Work instruction:
Return the whole listing exactly, omitting the pictures.

Source data START

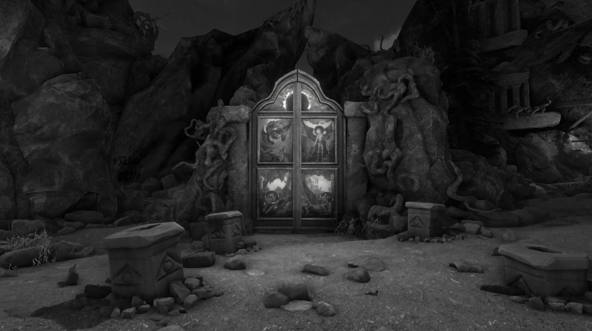На новых изображениях представлены различные игровые локации. Среди них можно увидеть заброшенный храм, полный таинственности и запустения, а также мастерскую, где находятся статуи, вырезанные из дерева. В одном из кадров запечатлён старик, который ведёт разговор с главным героем.
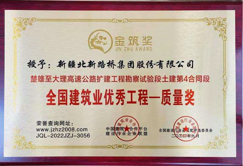 大理訊(通訊員 孫兆艷 劉繼紅)近日,由兵團(tuán)交通建設(shè)有限公司承建的云南楚雄至大理高速公路改擴(kuò)建工程勘察試驗(yàn)段土建第四合同段工程(以下簡稱云南楚大項(xiàng)目)榮獲“全國建筑行業(yè)優(yōu)秀工程-質(zhì)量獎(jiǎng)”。
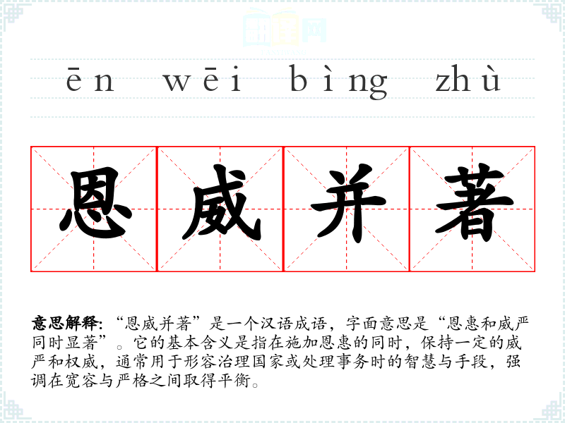 “恩威并著”是一个汉语成语,字面意思是“恩惠和威严同时显著”。它的基本含义是指在施加恩惠的同时,保持一定的威严和权威,通常用于形容治理国家或处理事务时的智慧与手段,强调在宽容与严格之间取得平衡。

Source data END

Solution below:
На новых изображениях представлены различные игровые локации. Среди них можно увидеть заброшенный храм, полный таинственности и запустения, а также мастерскую, где находятся статуи, вырезанные из дерева. В одном из кадров запечатлён старик, который ведёт разговор с главным героем.
 大理訊(通訊員 孫兆艷 劉繼紅)近日,由兵團(tuán)交通建設(shè)有限公司承建的云南楚雄至大理高速公路改擴(kuò)建工程勘察試驗(yàn)段土建第四合同段工程(以下簡稱云南楚大項(xiàng)目)榮獲“全國建筑行業(yè)優(yōu)秀工程-質(zhì)量獎(jiǎng)”。
 “恩威并著”是一个汉语成语,字面意思是“恩惠和威严同时显著”。它的基本含义是指在施加恩惠的同时,保持一定的威严和权威,通常用于形容治理国家或处理事务时的智慧与手段,强调在宽容与严格之间取得平衡。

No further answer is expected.